# Fire sprinkler out of order



## e hilton (Dec 1, 2019)

I went through charlotte CLT airport this weekend, terminal C.  Its being renovated, no flooring, no ceilings, some temporary plywood walls.  I saw this fire sprinkler condition throughout the terminal, never did see an installed head.  So that bothered me.  
And I’m wondering about the flex hose ... never seen that before.  Looks like it’s intended yo be a permanent condition.   I’m wondering what keeps the head in position when the water flows, what keeps the head from whipping around.  I have always seen heads on the end of pipes.


----------



## cda (Dec 1, 2019)

e hilton said:


> I went through charlotte CLT airport this weekend, terminal C.  Its being renovated, no flooring, no ceilings, some temporary plywood walls.  I saw this fire sprinkler condition throughout the terminal, never did see an installed head.  So that bothered me.
> And I’m wondering about the flex hose ... never seen that before.  Looks like it’s intended yo be a permanent condition.   I’m wondering what keeps the head in position when the water flows, what keeps the head from whipping around.  I have always seen heads on the end of pipes.




There is a bracket the flex attached to.

The bracket is than normally attached by two screws to the ceiling grid or in other settings a clamp.

Part of the inspection is the broom test

Take a broom handle and hit the bracket to see if they fastened it down.


----------



## cda (Dec 1, 2019)

https://www.victaulic.com/products/vicflex-style-ab2-bracket/


Your not working, turn off the inspector Mode!!


----------



## e hilton (Dec 1, 2019)

cda said:


> Take a broom handle and hit the bracket to see if they fastened it down.


Right.  Just my luck to hit the head and get a rusty water shower.   

Interesting bracket, never seen that before.  Looks like it would be very useful.


----------



## cda (Dec 1, 2019)

I first saw flex pipe in the microchip maker places.

Some of the idea now a days with designers changing places yearly, if a sprinkler has to be adjusted a little. The flex allows that, without having to cut steel pipe.


----------



## ICE (Dec 1, 2019)

I can envision the T-bar contractor having a hard time with this.




I can see that this is putting pressure on the grid.


----------



## cda (Dec 1, 2019)

ICE said:


> I can envision the T-bar contractor having a hard time with this.
> 
> View attachment 6201
> 
> ...





Normally the T Bar is professionally installed first,,

Then the sprinkler person installs the bracket.


----------



## jar546 (Dec 1, 2019)

I went through Charlotte on Tuesday and Friday and noticed the renovations but did not look at the sprinkler system.  I feel as though I am losing my geekness.


----------



## ICE (Dec 1, 2019)

cda said:


> Normally the T Bar is professionally installed first,,
> 
> Then the sprinkler person installs the bracket.

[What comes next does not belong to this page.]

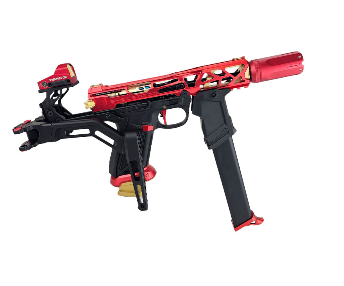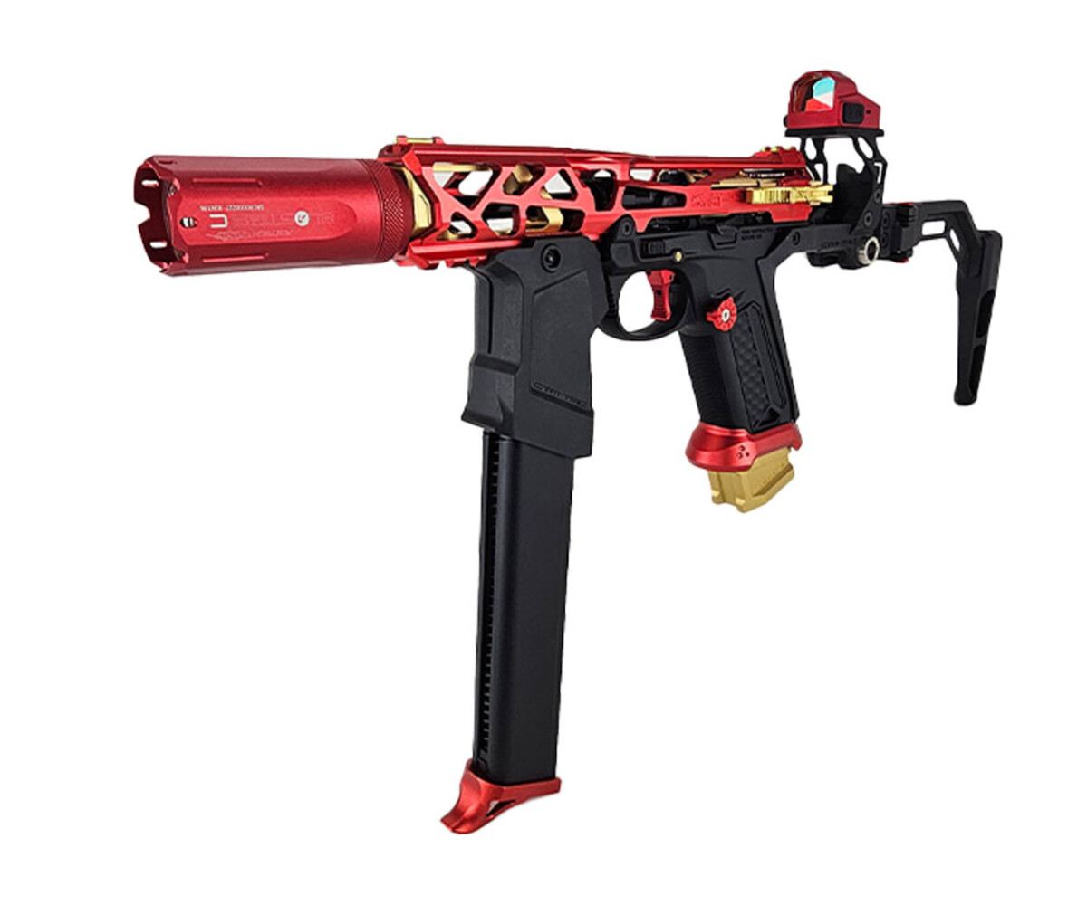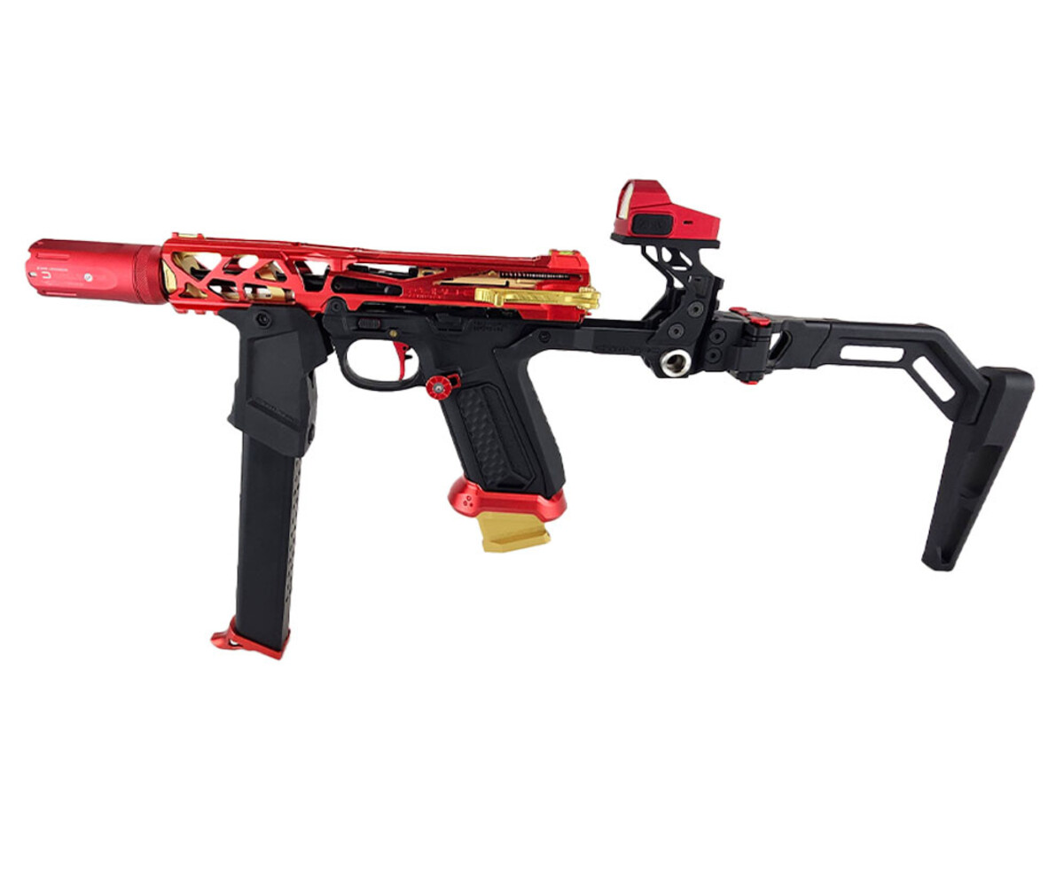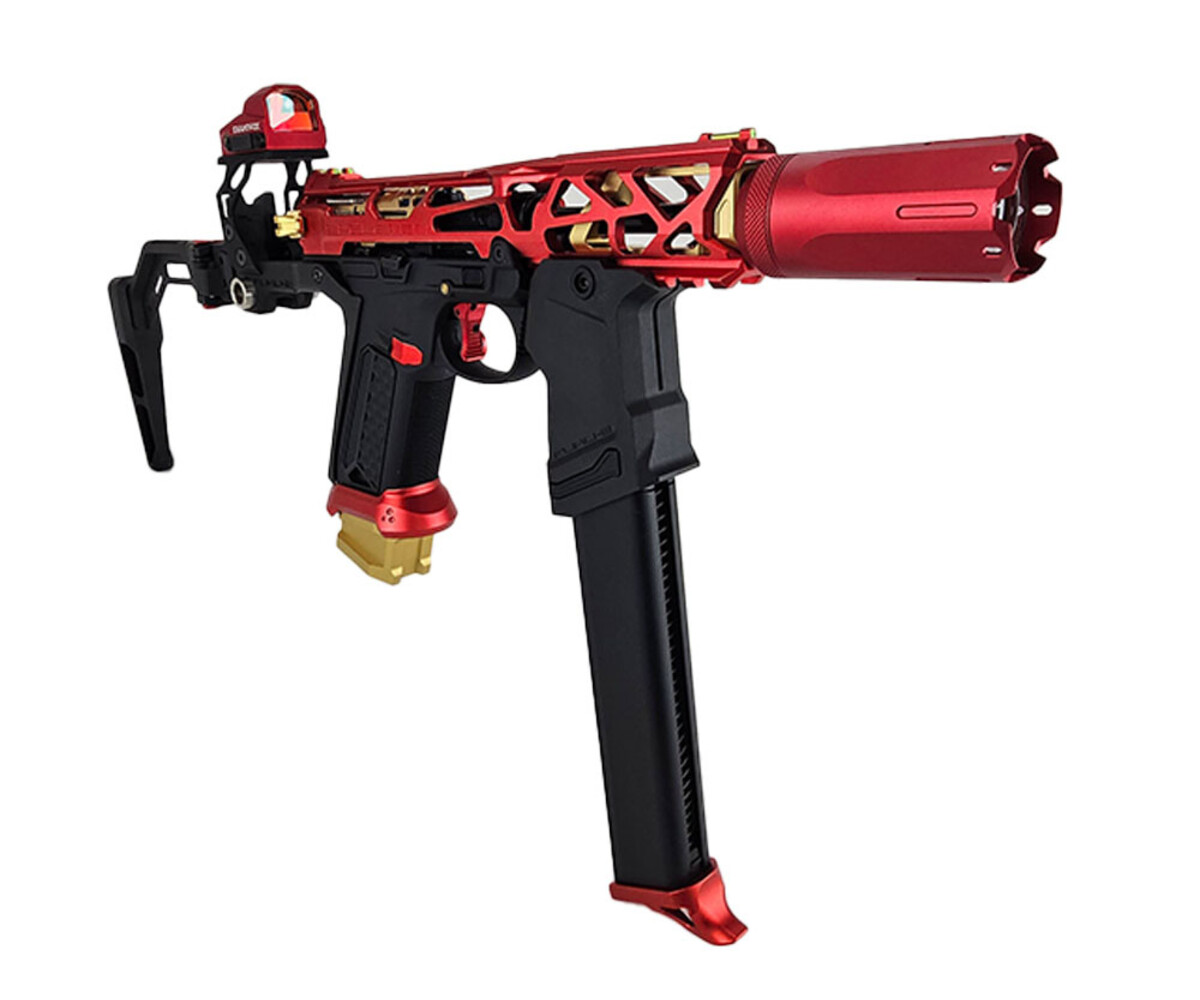 Tactical + Flashy: A CTM TwinFold stock and Reaper front rail turn the platform into a hybrid SMG-pistol, complete with a Glock magazine holster and 50-round extended magazine for extended CQB skirmishes. Red and gold detailing, including the magwell, trigger, bolt, and charging handle, tie the entire aesthetic together. A red RMR dot and Acetech Blaster C tracer complete the package for low-light and speedsoft-ready visibility.

It has been my practice to not allow anything to be added to the T-bar other than troffers or exit signs.  Some years ago the electrician was allowed to anchor a support wire but that's it.  It's probably a nonissue if nobody is complaining.


----------



## Scott Wytosick (Dec 2, 2019)

Sprinkler techs love these flexheads. The only real problem is making sure the pipes don't get bent too much. Sometimes there isn't much space between a drop ceiling and hard ceiling. That orange and white sleeve must slide freely throughout the sprinkler pipe flex hose.


----------



## steveray (Dec 2, 2019)

And when they don't figure the hydraulics right or use the wrong heads...Common practice here....I was inspecting a job years ago and the sprinkler fitter was installing CSST sprinkler drops, so I asked what they did to the hydraulics and if they were approved as they were not in the permit submittals. He said they are listed...I said, so is my chainsaw, but it doesn't put out a fire....They were all replaced with the braided hose on the next inspection.


----------



## ADAguy (Dec 3, 2019)

Nice catch!


----------